Problem Statement
Mastra has 9 auth providers (Auth0, Clerk, Firebase, Okta, Supabase, WorkOS, etc.) — all designed for human users authenticating via browser sessions, OAuth flows, or human-issued JWTs. None address agent-to-agent authentication: an autonomous agent calling your Mastra-powered API, proving its identity, and being authorized based on behavioral trust rather than static credentials.
As agentic architectures become production-critical, the auth model shifts. An agent calling your API doesn't have a browser session or an OAuth redirect URI. It presents a cryptographically signed token asserting its identity, issued by an agent identity provider. The question isn't "which human authorized this request?" — it's "which agent is this, and should I trust it?"
Today, there's no way to express this in Mastra's auth system without building it from scratch.
Proposed Solution
Add @mastra/auth-agentlair — an auth provider that verifies agent identity tokens issued by AgentLair, following the same pattern as @mastra/auth-auth0.
AgentLair issues EdDSA-signed JWTs (Agent Authentication Tokens) verifiable via a standard JWKS endpoint at https://agentlair.dev/.well-known/jwks.json.
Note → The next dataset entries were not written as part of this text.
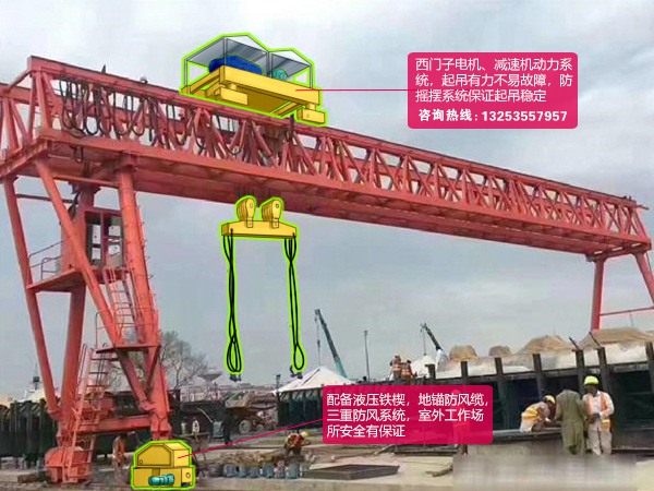 广西桂林龙门吊销售厂家生产的普通花架式门式起重机合适制梁场使用,桁架式的好处是结构简单,重量轻,便于安装维护,易拆卸,工期结束后,方便移机到下一个地方使用。
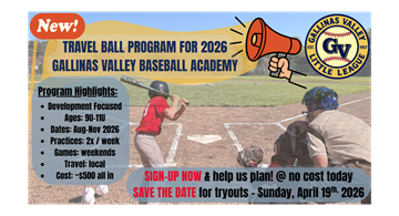 We’re excited to announce plans for a new Travel Ball program launching in Fall 2026 through the Gallinas Valley Baseball Academy.
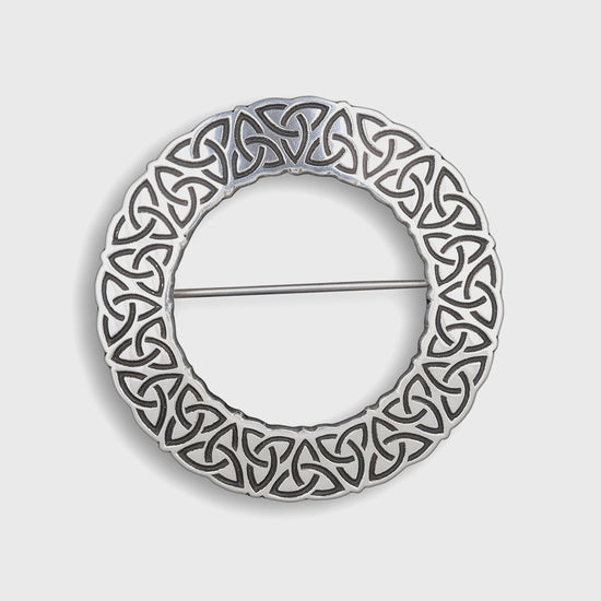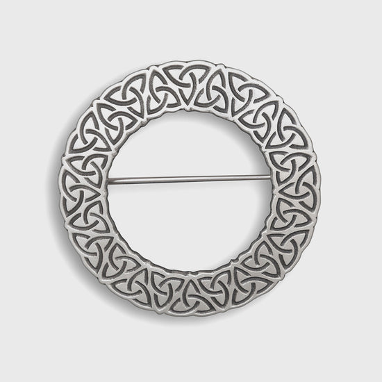 Delve into the heart of Celtic heritage with our Fáinne Celtic Circle Pewter Plaid Brooch, a testament to intricate artistry and timeless elegance. The brooch features an elaborate Celtic Knot design, symbolising eternal life and the interconnectedness of all things. Handcrafted with precision and care in Britain, this piece is not just an accessory; it's a wearable emblem of history and culture, meticulously designed to connect you with Celtic traditions.
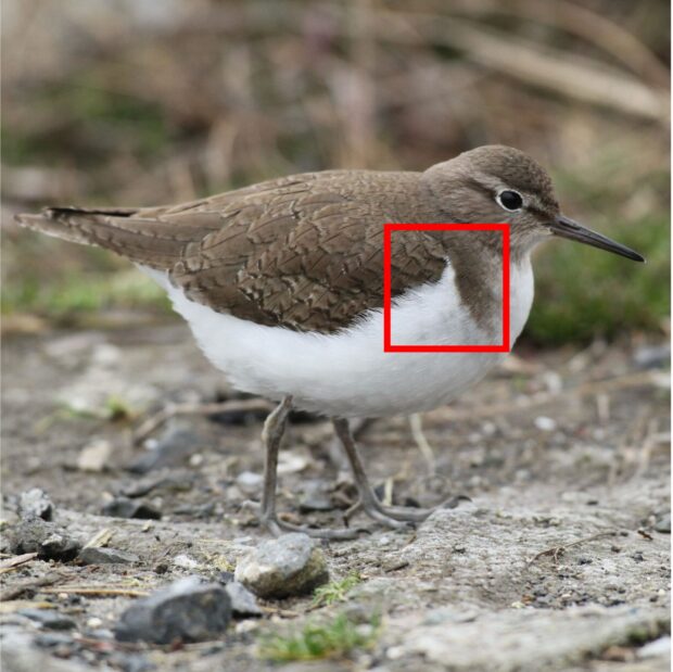 背面は茶色で、 体の下面は白色、 嘴と足はわずかに緑を帯びた黄色です。 体下面の白色が胸で背面側に入り込んでいるため、 ほかの似ているシギ類と区別できます。

The @mastra/auth package already exports verifyJwks(), and existing providers (Auth0, WorkOS) already use jose's createRemoteJWKSet + jwtVerify — the same pattern works here.
Auth provider (~50 lines):
import { MastraAuthProvider, type MastraAuthProviderOptions } from '@mastra/auth';
import { createRemoteJWKSet, jwtVerify, type JWTPayload } from 'jose';
export interface AgentLairUser {
agentId: string;
iss: string;
trustScore?: number; // 0-1000, from AgentLair behavioral trust API
}
export interface AgentLairAuthOptions extends MastraAuthProviderOptions<AgentLairUser> {
jwksUrl?: string; // Default: https://agentlair.dev/.well-known/jwks.json
issuer?: string; // Expected issuer claim
requiredTrustScore?: number; // Minimum behavioral trust score (0-1000)
}
export class MastraAuthAgentLair extends MastraAuthProvider<AgentLairUser> {
private jwks: ReturnType<typeof createRemoteJWKSet>;
private issuer?: string;
private requiredTrustScore: number;
constructor(options: AgentLairAuthOptions = {}) {
super({ name: 'agentlair', ...options });
this.jwks = createRemoteJWKSet(
new URL(options.jwksUrl ?? 'https://agentlair.dev/.well-known/jwks.json')
);
this.issuer = options.issuer;
this.requiredTrustScore = options.requiredTrustScore ?? 0;
}
async authenticateToken(token: string): Promise<AgentLairUser | null> {
try {
const { payload } = await jwtVerify(token, this.jwks, {
issuer: this.issuer,
algorithms: ['EdDSA'],
});
return {
agentId: payload.sub!,
iss: payload.iss!,
trustScore: (payload as any).trust_score,
};
} catch {
return null;
}
}
async authorizeUser(user: AgentLairUser): Promise<boolean> {
if (this.requiredTrustScore > 0 && (user.trustScore ?? 0) < this.requiredTrustScore) {
return false;
}
return true;
}
}
Configuration:
const mastra = new Mastra({
server: {
auth: new MastraAuthAgentLair({
requiredTrustScore: 500, // Only trust agents with score >= 500
}),
},
});
Optional RBAC provider — maps behavioral trust tiers to Mastra roles:
export class MastraRBACAgentLair implements IRBACProvider<AgentLairUser> {
constructor(private config: {
tierMapping: Record<string, { minScore: number; permissions: string[] }>;
}) {}
async getRoles(user: AgentLairUser): Promise<string[]> {
const score = user.trustScore ?? 0;
return Object.entries(this.config.tierMapping)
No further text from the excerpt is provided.